All of lore.kernel.org
 help / color / mirror / Atom feed
From: Martin Bligh <mbligh@google.com>
To: Andrew Morton <akpm@osdl.org>
Cc: linux-kernel@vger.kernel.org, apw@shadowen.org, Greg KH <greg@kroah.com>
Subject: Re: Problems with 2.6.15-mm1 and mm2.
Date: Mon, 09 Jan 2006 16:05:02 -0800	[thread overview]
Message-ID: <43C2FA2E.2040704@google.com> (raw)
In-Reply-To: <20060109154127.6a7e6972.akpm@osdl.org>


>>from the NUMA-Q. http://test.kernel.org/19793/debug/console.log
>>
> 
> 
> Yes, I asked Greg about that - we don't know what's causing it yet.  I have
> a bad feeling that this bug will go into Linus's tree if we don't fix it
> quick.
> 
> I had problems with gregkh-pci-x86-pci-domain-support-the-meat.patch.  It
> might be worth reverting that.

Andy figured out what caused it.

>>on -mm2 I get the x86_64 seems to lock up (NFI why ... looking at it), 
>>the NUMA-Q and x440 panic (very similar to the above).
>>
>>I think Andy figured out what was causing those panics. Can we drop 
>>those patches until they're fixed?
>>
> 
> 
> I'm not aware of any buggy x86_64 patches in -mm2 :(
> 
> I guess you don't have the time to sit down and do a bisection search. 
> It'd take a solid few hours...

It's more that I don't have direct access to the machines in question
any more. The x86_64 one might just be a machine issue ... trying to 
confirm that still ... but the PCI one was real.

M.

Below is cut & pasted, so not applyable, and maybe it shouldn't be 
applied. But ... it worked before whatever is in -mm ... so my personal 
feeling is that if we don't have a fix for whatever is currently in -mm, 
it should get dropped until we do ? Going backwards = bad.

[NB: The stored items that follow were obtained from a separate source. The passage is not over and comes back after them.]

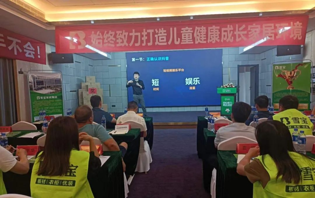 會中,針對區域市場情況以及客戶學習訴求,以及強化和突出品牌的獨特差異化優勢以及產品的核心競爭力,有著豐富實戰經驗的雪寶金牌講師們為蒞會的經銷商合作伙伴帶來系統的課程講解,讓每一位經銷商進一步強化了品牌和產品的優勢賣點。同時,針對當下獲客的超級流量平臺“抖音”展開課程介紹,幫助經銷商用正確的方法去做屬于家居建材人的抖音號,最終通過抖音實現線上拓客、線下成交。
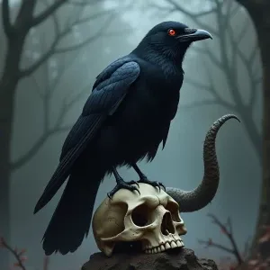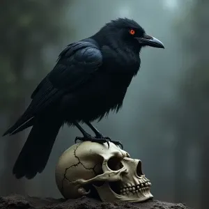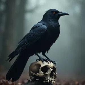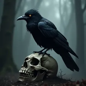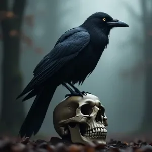 «Create a representation of a crow, focusing on its glossy black...»
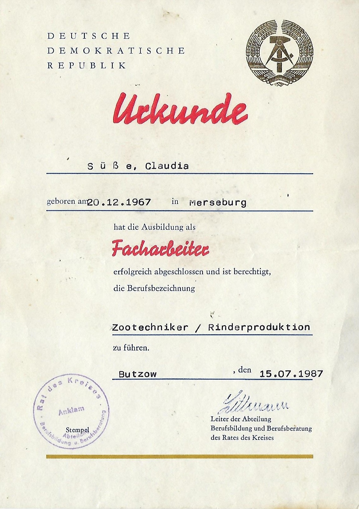 Urkunde über die Qualifikation als Facharbeiter ...berechtigt die Berufsbezeichnung / Speziallisierungsrichtung... |
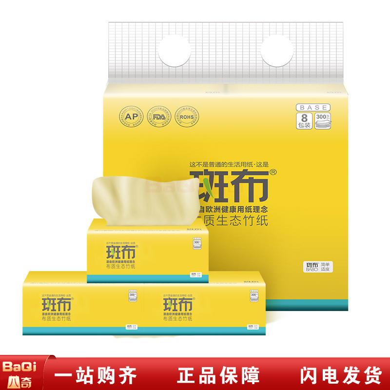 商品名称:斑布 BCR100E8 抽纸3层竹浆本色纸无染竹纤维纸巾卫生纸家用100抽 8包/提 (10提/件)
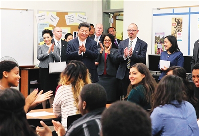 随后,习近平夫妇走进教室,同师生们交流。师生们齐声用中文“你好”欢迎习近平夫妇。师生们有的描述了游历中国的经历,有的表达了去中国看看的向往,对中国文明、中国人民的喜爱溢于言表。习近平对师生们热爱中国表示高兴,欢迎大家多去中国看一看。习近平指出,中国文化博大精深,双方应当相互借鉴,取长补短,共同提高。教育可架起一座桥梁,把中美两国人民联系在一起。
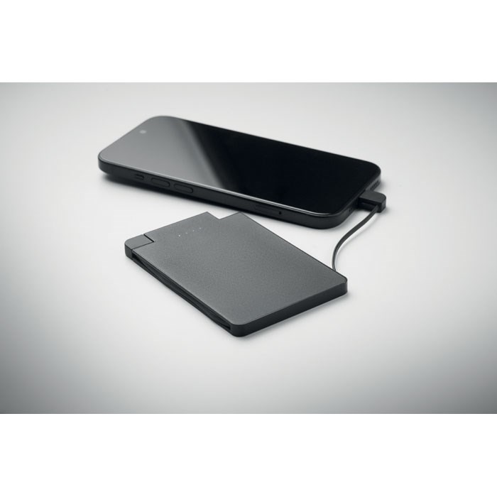 Powerbank van 2500 mAh in ABS met ingebouwde kabels in creditcardformaat. Deze powerbank past op iOs telefoons met magnetische functies. Ingang: Type-C en uitgang Type-C en compatibel met IOS-apparaten.

Perhaps I'm in a time loop, and just confused. but I don't think so ?

----------------------------------------------


 From apw:

pci device ensure sysdata initialised

[Ok, here is a patch to ensure sysdata is valid for all busses.]

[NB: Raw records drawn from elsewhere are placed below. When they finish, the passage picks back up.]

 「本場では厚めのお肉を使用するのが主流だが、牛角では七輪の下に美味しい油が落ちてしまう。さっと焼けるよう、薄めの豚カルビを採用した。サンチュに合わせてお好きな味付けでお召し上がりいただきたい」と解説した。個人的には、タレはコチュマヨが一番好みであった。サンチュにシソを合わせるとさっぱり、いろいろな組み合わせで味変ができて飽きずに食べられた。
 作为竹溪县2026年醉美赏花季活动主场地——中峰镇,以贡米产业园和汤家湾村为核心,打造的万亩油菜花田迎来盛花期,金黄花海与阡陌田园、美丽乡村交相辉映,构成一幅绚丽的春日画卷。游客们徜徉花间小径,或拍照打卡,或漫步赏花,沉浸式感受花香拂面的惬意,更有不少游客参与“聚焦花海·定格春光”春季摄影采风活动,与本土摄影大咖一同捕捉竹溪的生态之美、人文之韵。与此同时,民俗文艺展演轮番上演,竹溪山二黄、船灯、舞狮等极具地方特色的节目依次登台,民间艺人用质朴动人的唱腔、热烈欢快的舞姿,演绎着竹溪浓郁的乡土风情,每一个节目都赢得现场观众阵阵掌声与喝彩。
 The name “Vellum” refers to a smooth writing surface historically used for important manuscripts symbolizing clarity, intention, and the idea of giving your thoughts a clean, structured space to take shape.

We have been seeing panic's on NUMA systems in pci_call_probe() in
2.6.15-rc5-mm2 and -mm3.  It seems that some changes have occured
to the meaning of the 'sysdata' for a device such that it is no
longer just an integer containing the node, it is now a structure
containing the node and other data.  However, it seems that we do not
always initialise this sysdata before we probe the device.

Below are three examples from a boot with this checked for.
The attached patch ensures that we supply a valid sysdata for system
busses.  Currently we take no account of the node for this bus for
no ACPI configured systems.  This is unchanged from the -mm1 code.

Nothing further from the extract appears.